The lesson absorbed by every serious defence ministry in 2022 and reinforced every year since is stark: a platform without ammunition is a very expensive piece of metal. Poland's 250 K2 Black Panther main battle tanks are useless if their ammunition stocks run out in a fortnight. Its KRAB howitzers — now famous from Ukraine, where they have been used to devastating effect — require a continuous supply of 155mm shells that nobody in Europe can currently produce fast enough. The $14.18 billion HSW contract for Borsuk infantry fighting vehicles, the F-35A fighters, the Apache attack helicopters — every one of these is a liability, not an asset, without the ammunition ecosystem that sustains them.
Dezamet is a central piece of that ecosystem. It is not famous. It does not have an IPO or a stock ticker. Prime Minister Donald Tusk went personally to its factory floor in September 2025 to announce a technology transfer from BAE Systems. That visit — the head of government standing in a factory in a small town in southeastern Poland to announce the country's path to ammunition self-sufficiency — tells you everything about how seriously Warsaw now takes what happens inside those production halls.

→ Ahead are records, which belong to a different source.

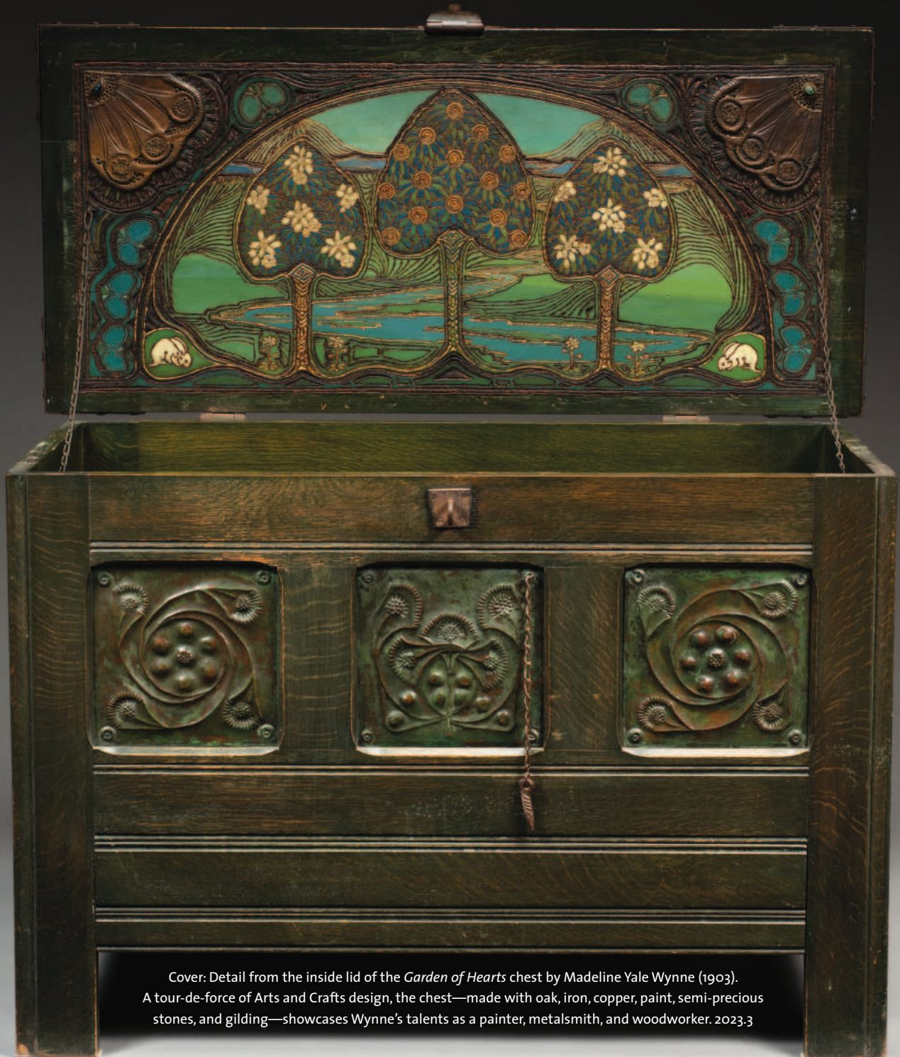
Cover: Detail from the inside lid of the Garden of Hearts chest by Madeline Yale Wynne (1903). A tour-de-force of Arts and Crafts design, the chest—made with oak, iron, copper, paint, semi-precious stones, and gilding—showcases Wynne’s talents as a painter, metalsmith, and woodworker. 2023.3

Historic Deerfield welcomes all to experience one of the best-preserved villages and rural landscapes in North America through dynamic encounters with the stories, cultures, and material worlds of those who have made New England home.
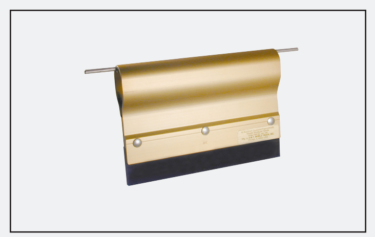
An all-aluminum, ergonomically-shaped squeegee holder with Poly-Supreme ^{\text{TM}} Plus squeegee blade is included with the Accu-Glide.
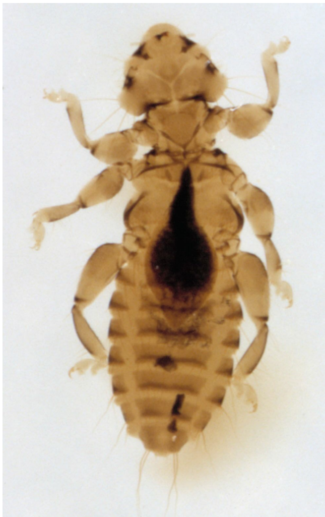
Figure 1. Shaft louse.

The shaft louse (Figure 1) is the most serious louse pest of chickens. It feeds on the barbs and scales of the feathers, causing little host irritation. It is usually not found on young chickens because of their lack of well-developed wings. The adults, nymphs and eggs are found on the feathers and generally damage the plumage. The shaft louse also will infest ducks, turkeys and guinea hens if they are housed close to infested poultry.
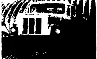
1974 INTERNATIONAL PAYSTAR 5000 Cummins 270 Engine RTP 9513 Transmission, IHC 44,000 Pound Rears, 315-80 22.5 Tires On Front 10.00-20 Tires On Back, Dayton Wheels, Flatbed With Crane Stock #1411 $4,900
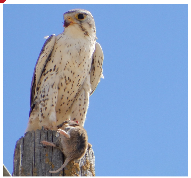
Adult Female Prairie Falcon October 10, 2019 - Carrizo Plain

To understand Dezamet, you must first understand the Centralny Okręg Przemysłowy — the Central Industrial District, known by its Polish abbreviation COP. In 1936, facing the rising military threat from Nazi Germany to the west and Stalinist Russia to the east, Poland's deputy Prime Minister and Finance Minister Eugeniusz Kwiatkowski conceived of one of the most ambitious industrial planning projects in interwar European history. The goal was to build a heavy industrial and armaments manufacturing base in the geographic centre of Poland — as far as possible from any border, tucked into the triangle formed by the Vistula, San, and Wisłoka rivers, surrounded by forest and difficult terrain.
The logic was strategic rather than economic: put the factories where an invader could not easily reach them, and give Poland the domestic capacity to arm itself without depending on foreign supply chains. The COP plan called for steelworks, aircraft factories, chemical plants, explosives facilities, and — crucially — ammunition works. It was financed partly by a French military loan, reflecting Paris's own interest in keeping a rearmed, capable Poland on Germany's eastern flank.
Ammunition Factory No. 3 was established in 1939 in Dęba, a forest village in the Subcarpathian Voivodeship. The location was chosen deliberately for two reasons: the Dęba military training ground was already there — ideal for testing ammunition immediately after production — and the dense forest provided natural concealment and a buffer zone against aerial observation. The first factory manager was Jan Szypowski, who had previously served as deputy manager of Ammunition Factory No. 2 in Skarżysko-Kamienna. Workers and their families began arriving to build not just a factory but a town: houses, a school, a hospital, a swimming pool, blocks of flats. The settlement that grew around the factory was eventually named Nowa Dęba — and Dezamet and Nowa Dęba have been functionally inseparable ever since.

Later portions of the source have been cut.